SRNet: Improving Generalization in 3D Human Pose Estimation with a Split-and-Recombine Approach

Human poses that are rare or unseen in a training set are challenging for a network to predict. Similar to the long-tailed distribution problem in visual recognition, the small number of examples for such poses limits the ability of networks to model them. Interestingly, local pose distributions suffer less from the long-tail problem, i.e., local joint configurations within a rare pose may appear within other poses in the training set, making them less rare. We propose to take advantage of this fact for better generalization to rare and unseen poses. To be specific, our method splits the body into local regions and processes them in separate network branches, utilizing the property that a joint position depends mainly on the joints within its local body region. Global coherence is maintained by recombining the global context from the rest of the body into each branch as a low-dimensional vector.

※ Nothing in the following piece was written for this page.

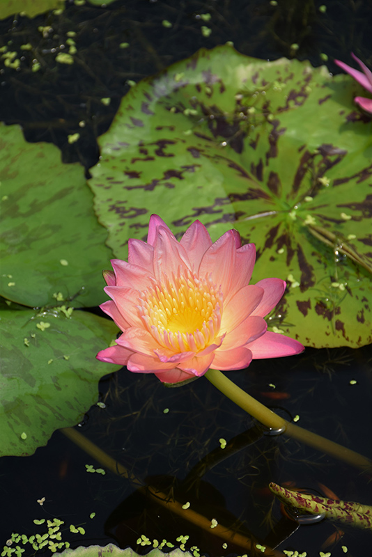 Tropical water lily with apricot pink star-shaped flowers from summer to winter; round mottled foliage is huge; easy to care for; water lilies dislike moving water; annual in colder climates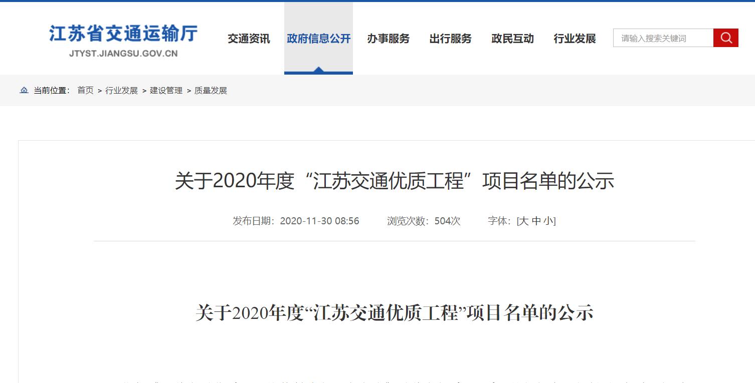依据《江苏交通优质工程挂牌创建与评审办法》(苏交规〔2018〕3号)规定,江苏省交通运输厅评定10个工程项目为2020年度“江苏交通优质工程”,我KAIYUN.COM·开云「中国」官方网站

With the reduced dimensionality of less relevant body areas, the training set distribution within network branches more closely reflects the statistics of local poses instead of global body poses, without sacrificing information important for joint inference. The proposed split-and-recombine approach, called SRNet, can be easily adapted to both single-image and temporal models, and it leads to appreciable improvements in the prediction of rare and unseen poses.

[1]  Cristian Sminchisescu,et al.  Human3.6M: Large Scale Datasets and Predictive Methods for 3D Human Sensing in Natural Environments , 2014, IEEE Transactions on Pattern Analysis and Machine Intelligence.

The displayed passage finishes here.